• DESCRIPTION OF THE TASK:
Reproduce the lines below exactly, from the one containing "根據(jù)2021年11月" through the one containing "This patient has", both included. Leave out any pictures.

___ EXERCISE INPUT ___

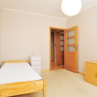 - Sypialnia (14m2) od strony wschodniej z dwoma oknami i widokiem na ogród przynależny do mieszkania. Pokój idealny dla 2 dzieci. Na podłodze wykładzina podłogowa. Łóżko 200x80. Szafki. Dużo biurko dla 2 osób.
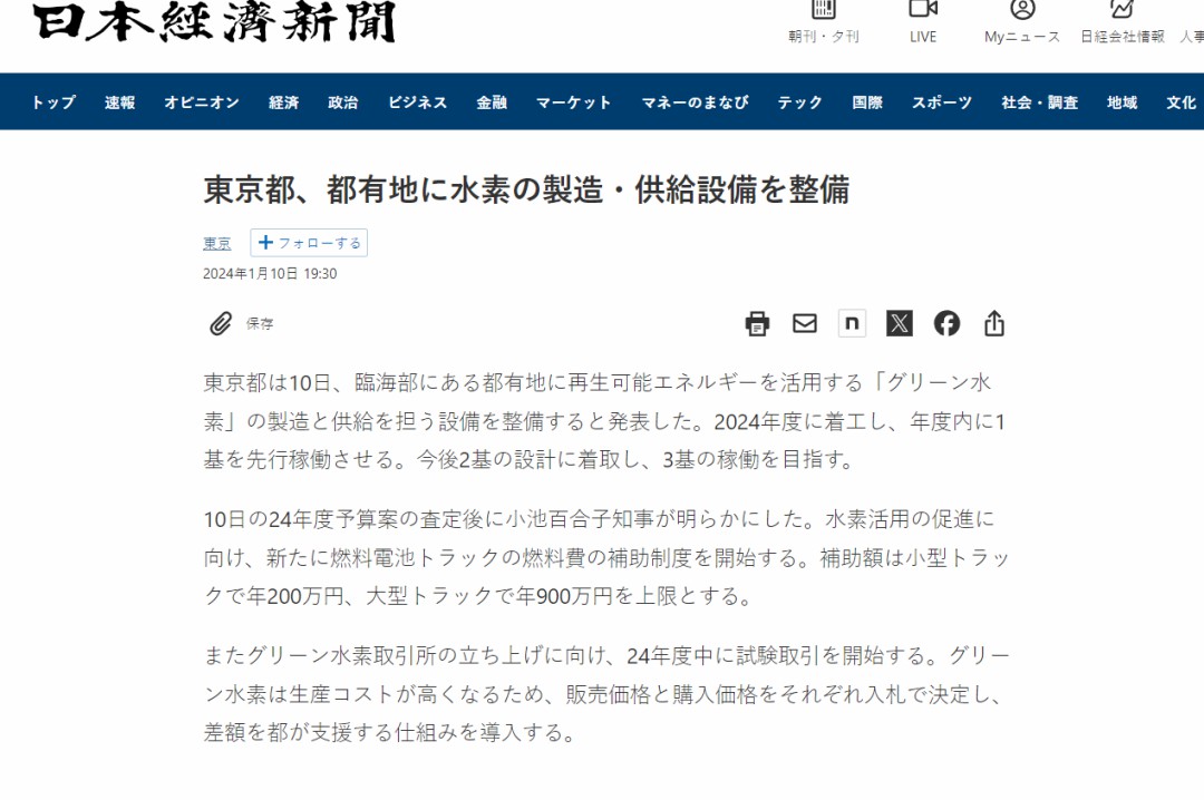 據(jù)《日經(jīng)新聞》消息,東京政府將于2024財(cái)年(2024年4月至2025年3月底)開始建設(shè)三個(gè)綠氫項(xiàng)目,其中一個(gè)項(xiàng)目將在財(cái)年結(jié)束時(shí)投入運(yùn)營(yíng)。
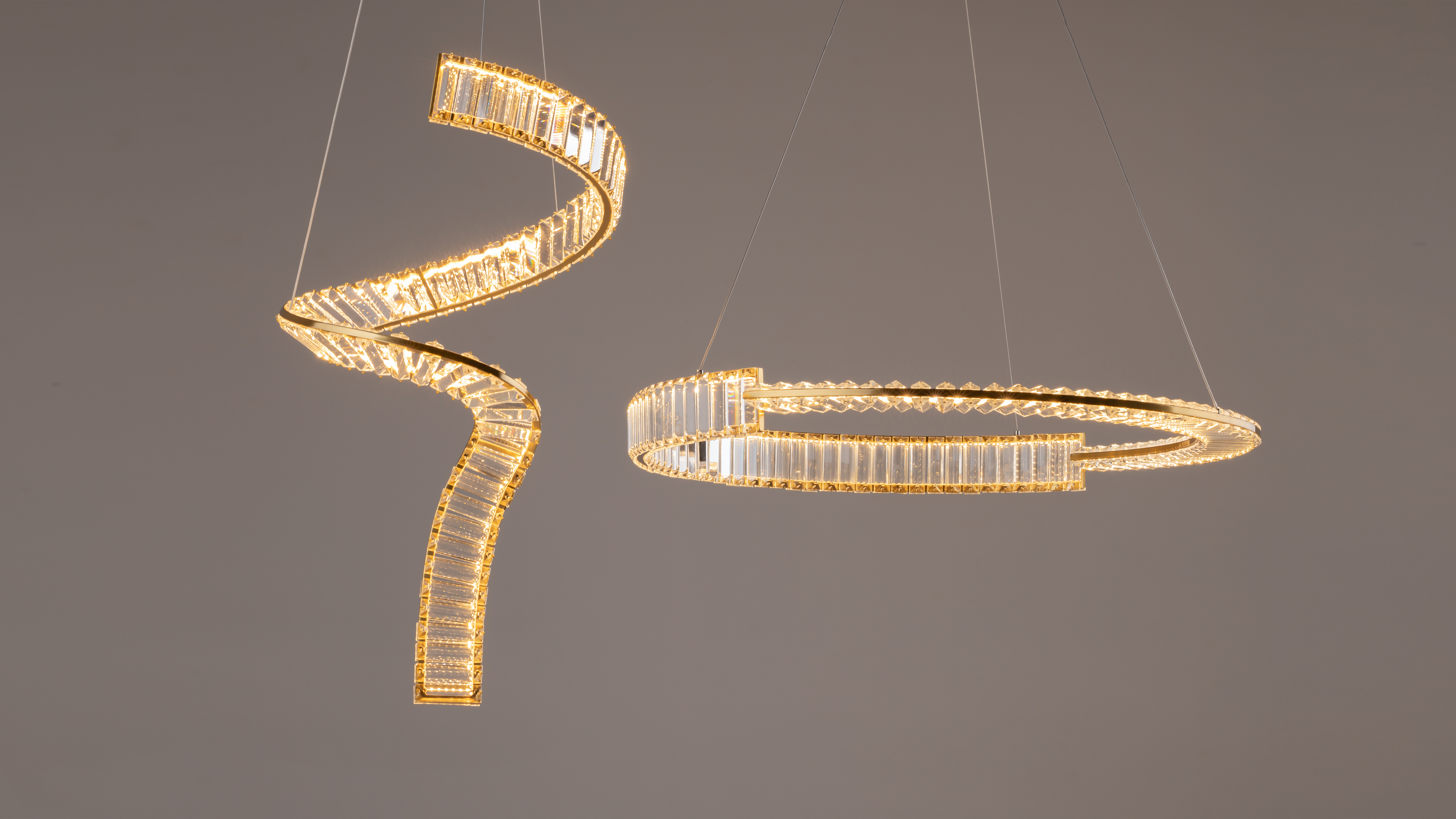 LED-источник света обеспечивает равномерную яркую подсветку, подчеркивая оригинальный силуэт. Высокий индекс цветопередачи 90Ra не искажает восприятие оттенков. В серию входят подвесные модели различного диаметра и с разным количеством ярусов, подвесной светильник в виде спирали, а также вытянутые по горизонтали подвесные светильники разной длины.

___
___ EXERCISE INPUT ___

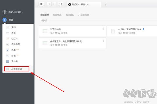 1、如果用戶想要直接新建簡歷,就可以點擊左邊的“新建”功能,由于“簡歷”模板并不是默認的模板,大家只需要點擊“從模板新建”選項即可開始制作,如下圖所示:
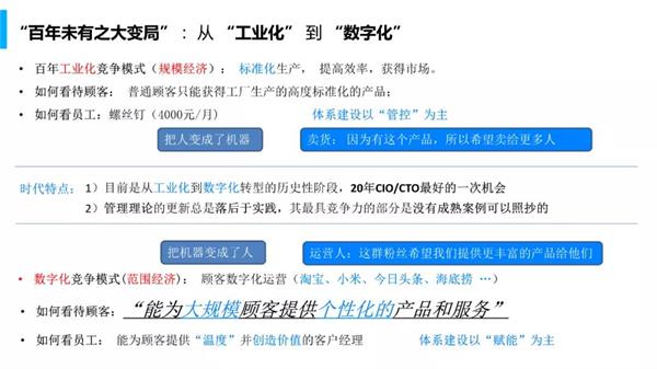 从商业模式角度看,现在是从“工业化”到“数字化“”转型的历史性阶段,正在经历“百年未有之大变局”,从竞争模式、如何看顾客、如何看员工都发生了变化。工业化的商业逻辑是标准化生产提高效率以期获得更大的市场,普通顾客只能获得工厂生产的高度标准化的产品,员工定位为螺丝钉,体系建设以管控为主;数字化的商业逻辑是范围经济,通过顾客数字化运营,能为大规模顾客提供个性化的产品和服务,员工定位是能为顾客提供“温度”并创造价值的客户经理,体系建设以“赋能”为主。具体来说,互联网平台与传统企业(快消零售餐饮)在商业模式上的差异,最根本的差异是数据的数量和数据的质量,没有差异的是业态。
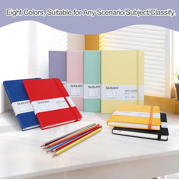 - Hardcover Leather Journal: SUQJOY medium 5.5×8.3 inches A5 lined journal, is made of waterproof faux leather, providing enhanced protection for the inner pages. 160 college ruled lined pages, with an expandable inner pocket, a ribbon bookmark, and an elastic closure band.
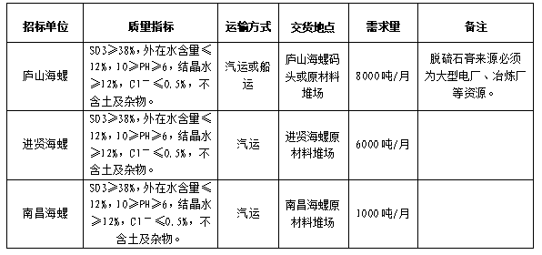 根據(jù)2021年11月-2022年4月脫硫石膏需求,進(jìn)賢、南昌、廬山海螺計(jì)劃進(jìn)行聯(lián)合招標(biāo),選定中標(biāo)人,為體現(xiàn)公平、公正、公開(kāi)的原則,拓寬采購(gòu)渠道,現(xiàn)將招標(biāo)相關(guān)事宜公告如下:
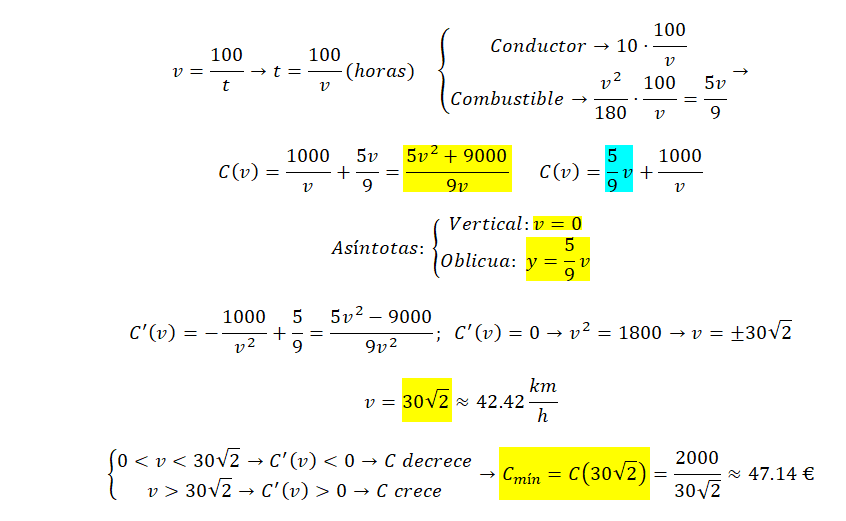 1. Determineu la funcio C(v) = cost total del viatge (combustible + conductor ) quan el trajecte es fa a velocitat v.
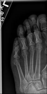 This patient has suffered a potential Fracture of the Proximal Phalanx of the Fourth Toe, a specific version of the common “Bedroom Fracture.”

___

• FINAL ANSWER:
 根據(jù)2021年11月-2022年4月脫硫石膏需求,進(jìn)賢、南昌、廬山海螺計(jì)劃進(jìn)行聯(lián)合招標(biāo),選定中標(biāo)人,為體現(xiàn)公平、公正、公開(kāi)的原則,拓寬采購(gòu)渠道,現(xiàn)將招標(biāo)相關(guān)事宜公告如下:
 1. Determineu la funcio C(v) = cost total del viatge (combustible + conductor ) quan el trajecte es fa a velocitat v.
 This patient has suffered a potential Fracture of the Proximal Phalanx of the Fourth Toe, a specific version of the common “Bedroom Fracture.”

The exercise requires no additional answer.